As previously indicated, suggested names should not be confusingly similar to current companies or otherwise undesirable in the eyes of the federal government. A company shall not be registered with a name that contains—

(a) each and every word or expression that is likely to give the impression that the company is in any way connected with, or has the patronage of, the Central Government, any State Government, or any local authority, corporation, or body constituted by the Central Government or any State Government under any law currently in force; or

(b) Any word or expression that may be stipulated in Companies (Incorporation) Rules, 2014, rules 8 to 8B.

unless the use of any such phrase or expression has received prior clearance from the Central Government.

Any change in a company’s name, according to section 13(2) of the Companies Act, 2013, is subject to the provisions of subsections (2) and (3) of section 4 and will not take effect until the Central Government approves it in writing. As a result, every name change must be approved by the Central Government, unless the name change is simply the addition or deletion of the term “private” for turning a public business to a private company or a private company to a public company.
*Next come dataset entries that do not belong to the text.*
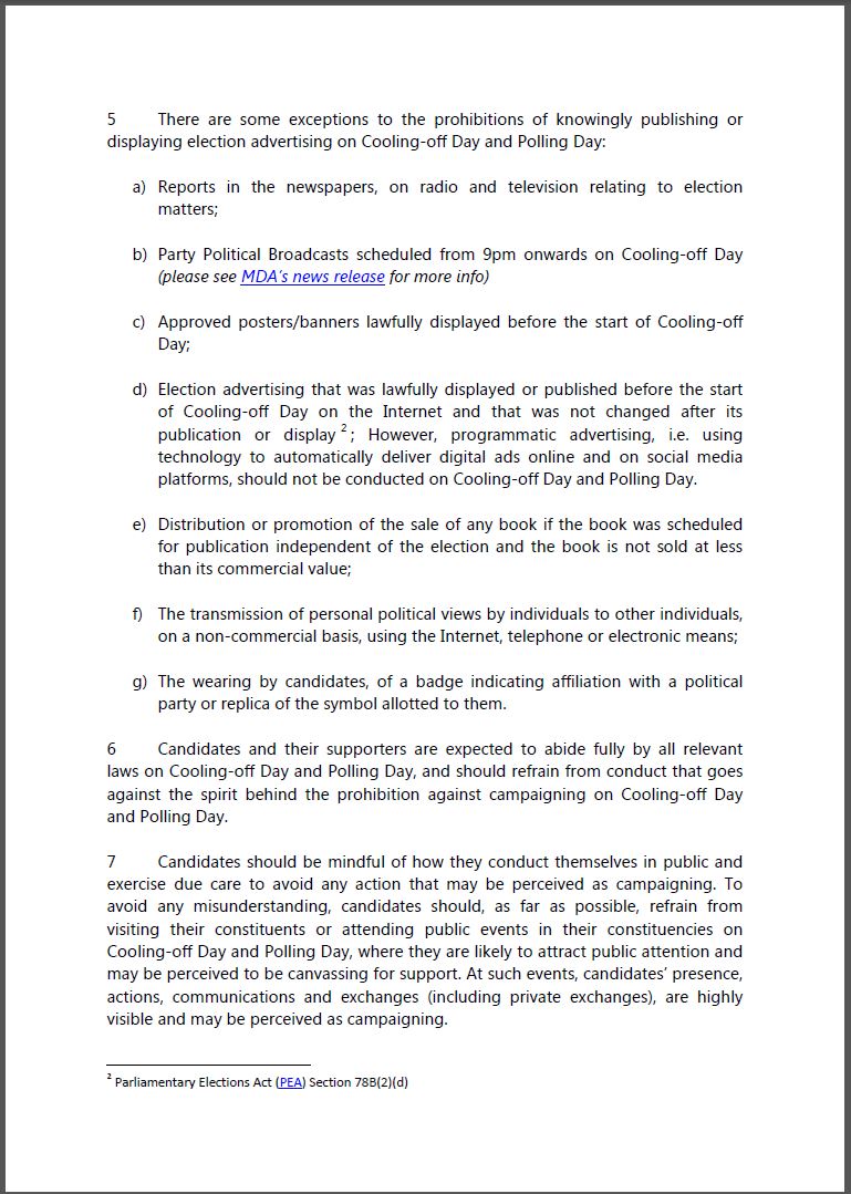 On Cooling-off Day, campaigning is disallowed and election advertising must not be published or displayed.
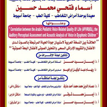 مناقشة رسالة الماجستير الخاصة بالطبيبة / أسماء فتحى محمد حسين - معيدة بوحدة أمراض التخاطب - كلية الطب - جامعة أسيوط
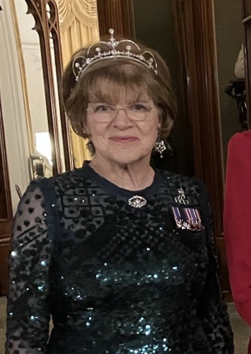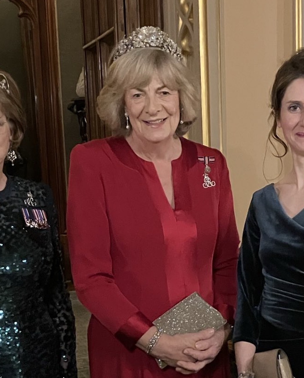 Dame Sarah Troughton, one of the Queen’s Companions and the Lord Lieutenant of Wiltshire wore a striking Diamond Tiara.

Once Form MGT-14 is filed, Form INC-24 must be filed with the Registrar to gain Central Government approval. The following papers must be added to the INC-24 form:

  • Include a note with an explanation.
  • An accurate copy of the special resolution that has been certified.
  • Changes to the MOA and AOA.
  • General Meeting Minutes
  • Directors’ affidavits
  1. Issuing a certificate of incorporation after registering a new business name

  • The Registrar of Companies will issue a new certificate of incorporation if the papers are satisfactory; the company name change procedure will not be complete until the ROC issues the new certificate of incorporation.
  • After verifying the form and documentation, the Registrar must be satisfied that all requirements have been completed and then register a new name for the business and issue a new certificate of incorporation in Form INC-25.
  1. Requirements after a name change

The business name must be inserted in all copies of MOA and AOA once the new certificate of incorporation is obtained from ROC. The corporation must alter its name in the following papers and locations after the new name has been registered:

(a) paint or affix its name in legible letters on the outside of every office or place where its business is conducted, in a prominent location, and if the characters used are not those of the language or one of the languages in general use in that locality, also in the characters of that language or one of those languages;

(b) If it has one, have its name carved in readable characters on its seal:

(c) Have its name written on all of its business letters, billheads, letter sheets, notifications, and other official documents; and

(d) Have it’s name printed on hundies, promissory notes, bills of exchange, and other specified instruments.

(e) Submit an amendment application as required by the following statutes.

  1. The Goods and Services Act
  2. EPF
  3. The Shops and Establishments Act
  4. Private Security Agency Act
  5. The Factories Act; and
  6. Industry Specific Laws;
  7. Inter-State Migrant workmen Ac
  8. ESI
  9. The Foreign Exchange Management Act.